🤖 AI Summary
This study addresses the lack of safety evaluation regarding medical information consistency in large language models (LLMs) when delivering health advice to diverse users. The authors propose MIRA, the first bilingual benchmark for auditing medical responses, comprising 4,320 multidimensional prompts derived from 60 expert-reviewed medical questions to systematically assess model consistency across variations in language, register, and health literacy. Their analysis reveals a previously undocumented phenomenon termed “Differential Information Dilution” (DID), wherein mainstream LLMs significantly omit critical medical details when responding to low–health literacy prompts. To mitigate this issue, the paper introduces a knowledge-guided prompting strategy that effectively enhances informational completeness, reducing excessive simplification by approximately 8% in Claude and 6% in Qwen.
📝 Abstract
Large language models (LLMs) are increasingly used to provide public-facing health information, yet existing safety evaluations overlook whether responses preserve comparable medical information across different user phrasings of the same question.
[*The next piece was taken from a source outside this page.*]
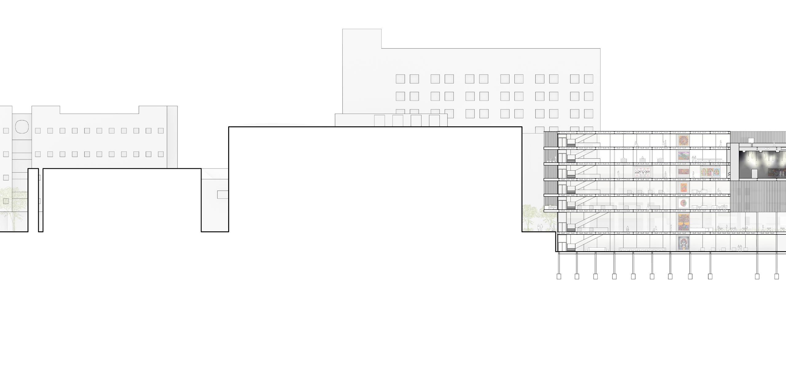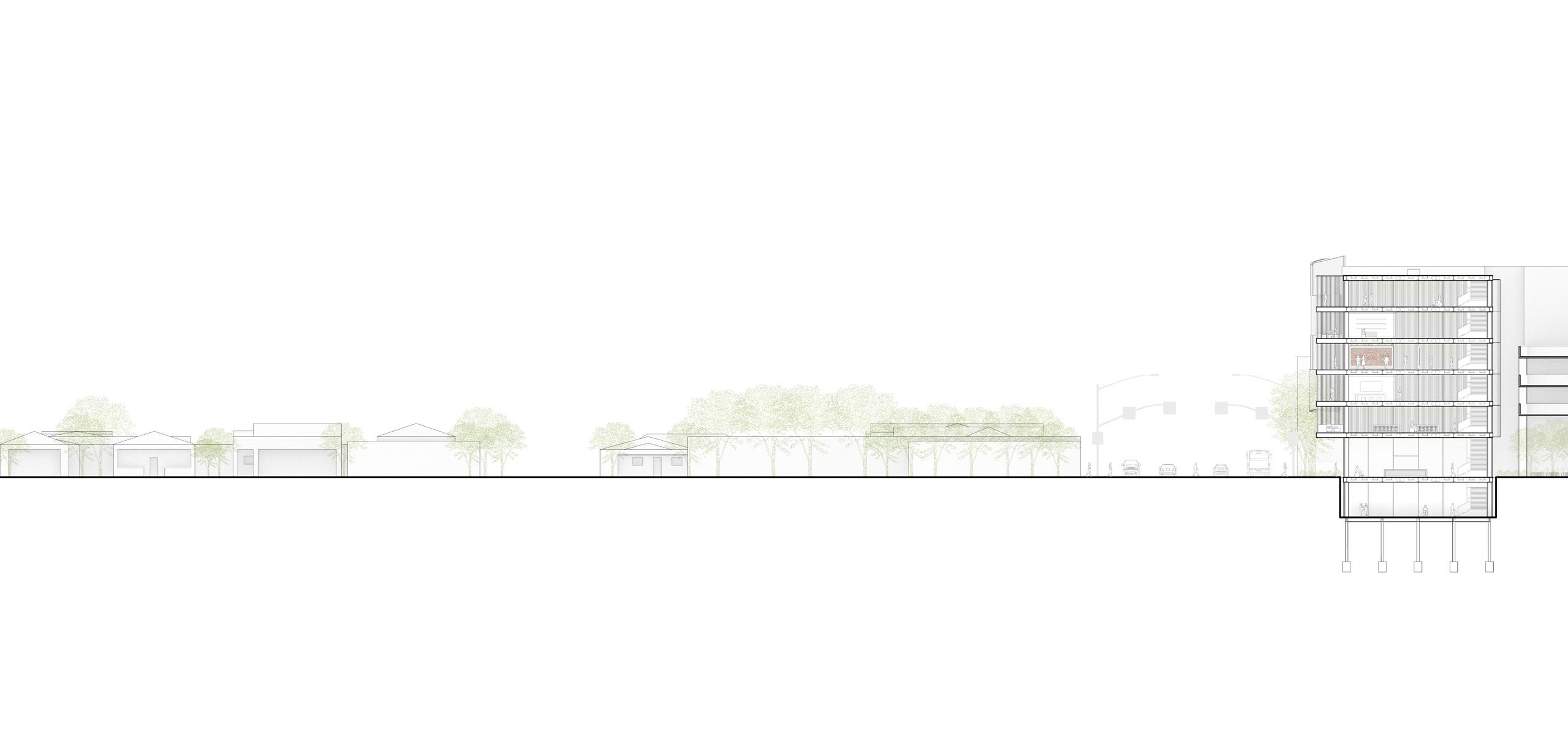 Transcend is on the University of Arizona campus and is directly adjacent to the 6th Street parking garage and ENR2. The study of the urban fabric as well as the study of Dia de los Muertos shaped TRANSCEND’s form, function, qualities. The circulation of the design creates fluid paths through, to, and around the site, creating livability for all visitors. The two structural systems bring diversity to the building through the use of a concrete-enclosed, cantilevered space that sits within a glass enclosure; symbolizing the souls who have passed being brought back to life by the living. The continuous steel structure and accommodation for all users being vitality to the design through both physical and functional strength. The design serves to create a juxtaposition between life and death, light and dark, and light and heavy in a simple but intuitive way that bring viability to the design in a direct connection to the site. Dia de los Muertos is a time where souls who have passed go beyond their world into the physical world just as TRANSCEND surpasses its limits through form, cantilevers, and materiality.
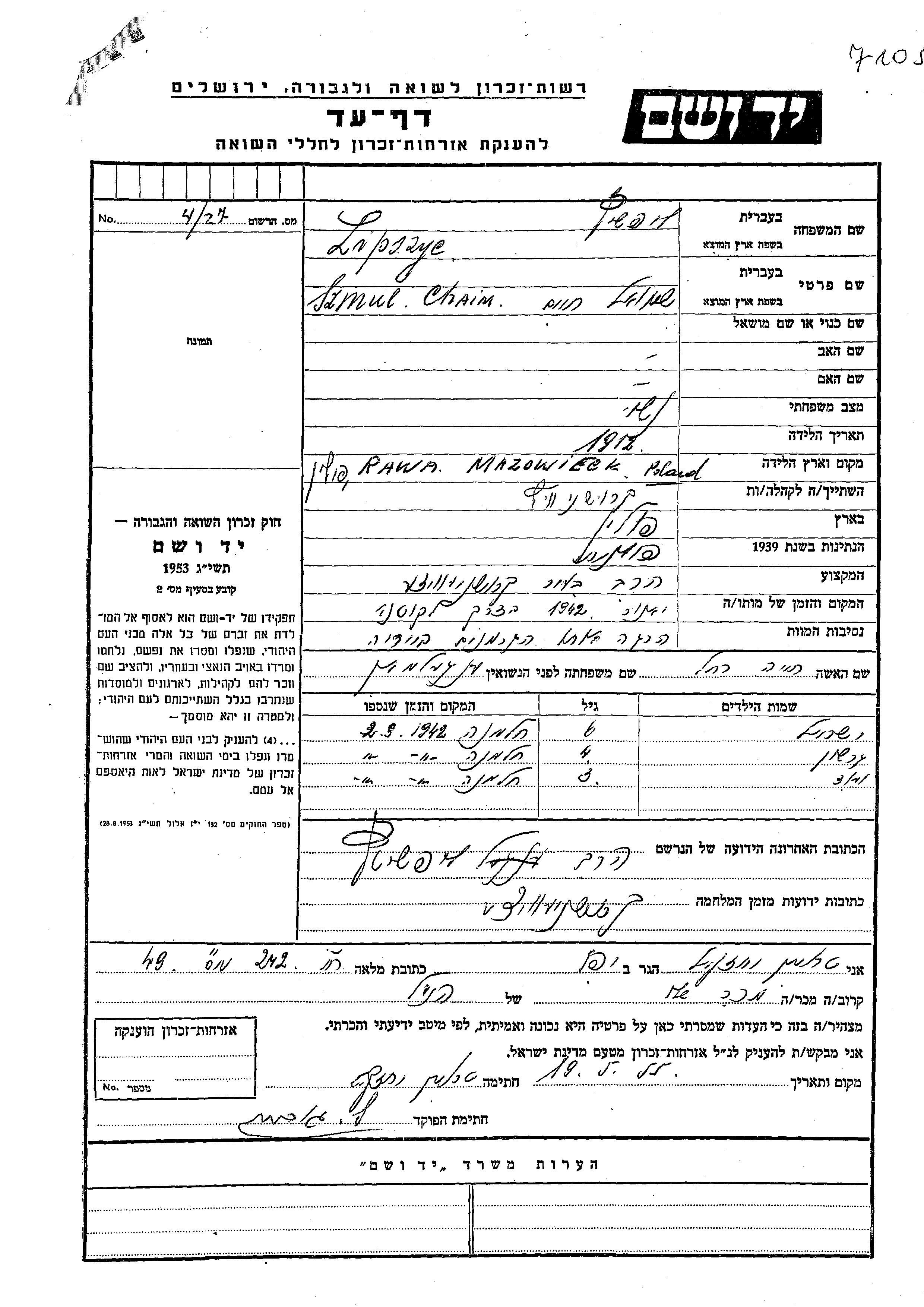 Veivel Lipszyc wurde Er war der Sohn von Szmul Chaim und Khaia Rakhel, geb. Engelman. Er war Kind. Vor dem Zweiten Weltkrieg lebte er in Krosniewice, Polen. Während des Krieges war er in Krosniewice, Polen.

To address this, we introduce the Medical Information Response Audit (MIRA), a bilingual, controlled benchmark that assesses whether LLMs provide comparable medical information across user-side language, register, and health literacy signals. MIRA contains 4,320 prompts built from 60 medically reviewed, low-risk health questions. Across five mainstream LLMs, models answered all medical questions, but responses to low health-literacy signals consistently omitted more key information, provided fewer concrete next steps, and offered less support for independent judgment. We term this pattern Differential Information Dilution (DID). Language effects are model-specific rather than uniformly worse for non-English prompts. A comparison with 300 real-world health queries provides preliminary evidence of rank-order validity. A knowledge-guided mitigation prompt reduces information dilution for most models, with the largest reductions in underinformative simplification observed for Claude (~8%) and Qwen (~6%).